Organic Results on Google a Shrinking Commodity
August 14, 2013
The free ride is over. Google seems to have decided it is time to make the most of AdWords, the Tutorspree Blog illustrates in, “How Google is Killing Organic Search.” The post begins by praising the Google of the past which, writer Aaron Harris accurately observes, “won search by providing the best organic results users had ever seen.” Since then, though, the company’s profit motive has been slowly strangling unpaid, organic search results.
The post begins with an visual presentation. Harris took screen shots of some different Googley searches and calculated the percentage of each results page devoted to organic results. The low numbers (all under 15 percent) are particularly galling, he says, for local business owners who bought into Google’s promises that well-structured pages would mean high visibility. The post concludes:
“Google is building a new version of the search engine that made it great. This time, however, it is a search engine exclusive to the garden of Google products. If you compete with Google in any way, you’re in its crosshairs. Your chances of ranking high enough to garner traffic are virtually nil and getting smaller.

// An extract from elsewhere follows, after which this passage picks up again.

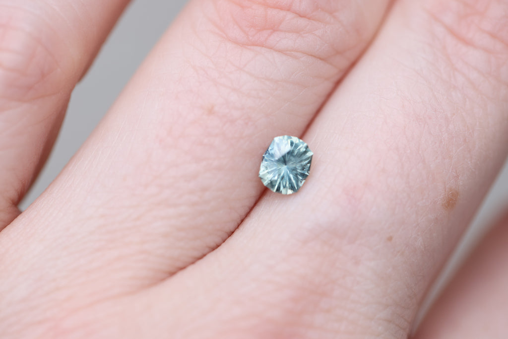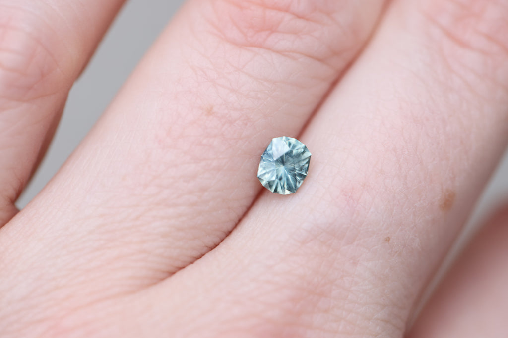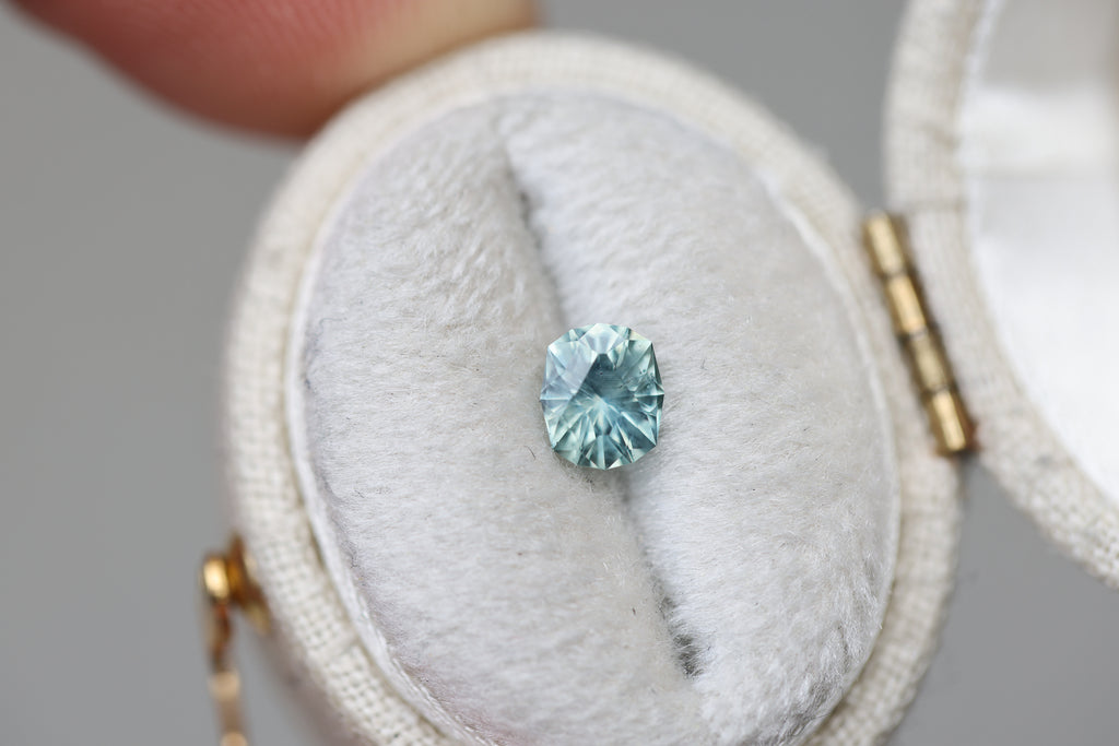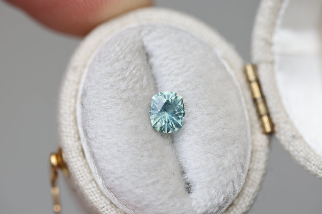 This absolutely incredible oval sapphire is a blue green mint sapphire with such stunning coloring and gorgeous faceting!

“The scariest part of this is that, if you sell something using the internet, regardless of whether or not you see yourself as a ‘local’ business – or think you’re competing with Google – Google sees you as competition. Searching for ‘Camera’ or ‘Buy a Dress Shirt’ gets you a nearly identical split of screen real estate as that of ‘local’ searches. Nearly everything leads back to a Google product except for an ever-decreasing amount of ‘Organic’ real estate.”
I wish I could say I was surprised, but Google is in business to make money, after all. They do seem to be more directly focused on that goal lately. Will the approach pay off, or will users turn to other search alternatives?